I know, you're reading that title and are thinking one of the following things:


1. I hate children/babies (not true...love them.  Have one of my own. Two if you are counting my stepdaughter, which I do)
2. Our four year-old has regressed and is un-potty trained, therefore creating a stink. (nope...but would love some helpful hints on how to nix the nighttime pull-ups)
3. Just wanted something catchy to grab your attention to read something unrelated to babies entirely. (I'm not that brilliant of a blogger...but thanks for the credit)


No, I'm lamenting my stupid and crazy state of being.  Here is what I am looking at this morning:



That is my boy Jack...almost 3.5 years ago.  Pardon me.  I must go to another room and weep a bit.

Okay, I'm back.  Look at that face.  Those sausage legs.  Those rolls on his wrists and knuckles.  Excuse me.

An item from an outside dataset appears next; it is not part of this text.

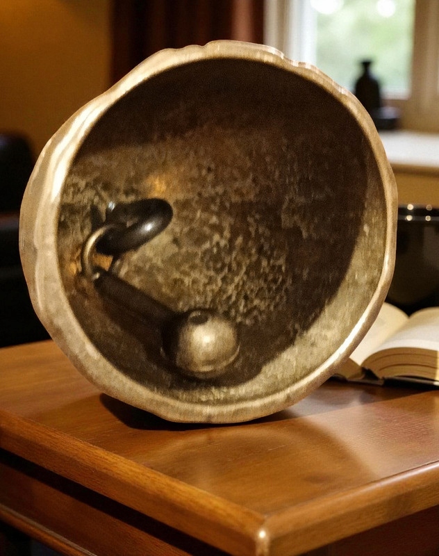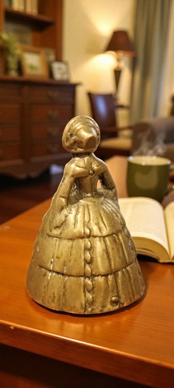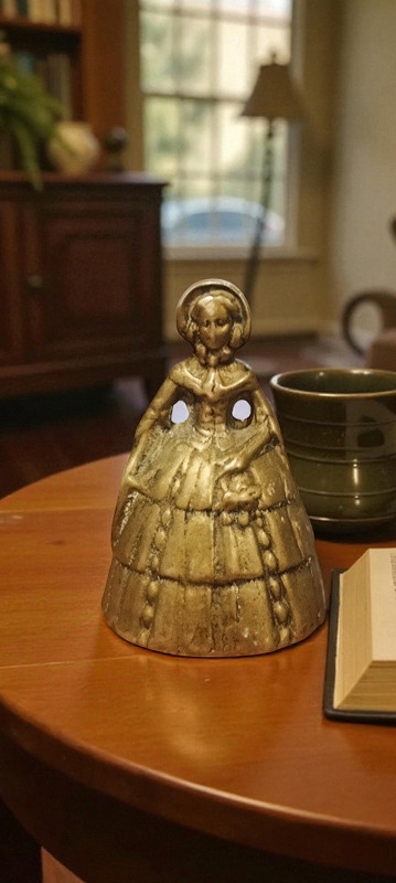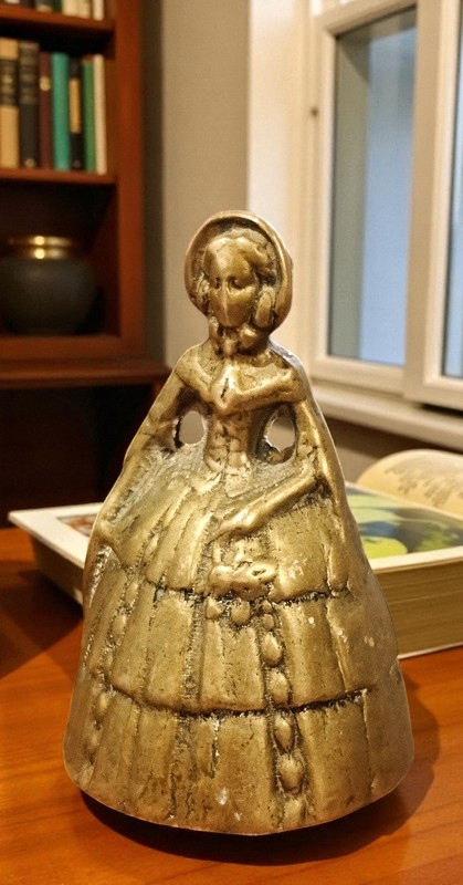 Колокольчик, как в старину, возвещал о начале и окончании перерыва. Незаменимый атрибут хорошего дворника. Этот меньше по размеру и имеет другую форму. На нем изображена дворянка, а часть платья имеет колокольчик. Изготовлен из латуни - очень хорошее состояние.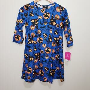 Amy Byer NWT Halloween dress with haunted house, bat, spiderweb, witches, and jack-o-laterns

Whew.  That was rough.  Seriously, it is killing me.  That little face.  As I type this I can hear him in the basement "rawring" as he plays Iron Man in the playroom.  By himself.  Without his momma.  Oh the horrors.  

Well, working on his baby Mixbook, coupled with all of these women who are having babies (well it seems like EVERYONE is having babies) is making my stupid, idiotic ovaries scream in protest at me.  I keep telling them to shut up, but seriously, they aren't getting the message.  Stupid things.  They aren't the ones who have to get up and feed a baby in the middle of the night.  They don't change stinky diapers for years on end.  They don't lug diaper bags everywhere.  No, once they do their job, they go back to resting peacefully in a dark, warm place.  You know, like I get to now that Jack sleeps for 12 solid hours, can go without a diaper, feed himself, and play Iron Man in the basement without me (sob).  

No more babies for this momma.  I'm serious.  We are done.  I'm just having one of those moments where I'm staring at photographs of my baby and remembering only the best parts of it.  Someone out there remind me of the truly horrific parts.  Please.  Like how I won't be able to sit upright for at least two weeks after the bundle of joy arrives.  

Okay, that was enough.  I think that thought alone did it.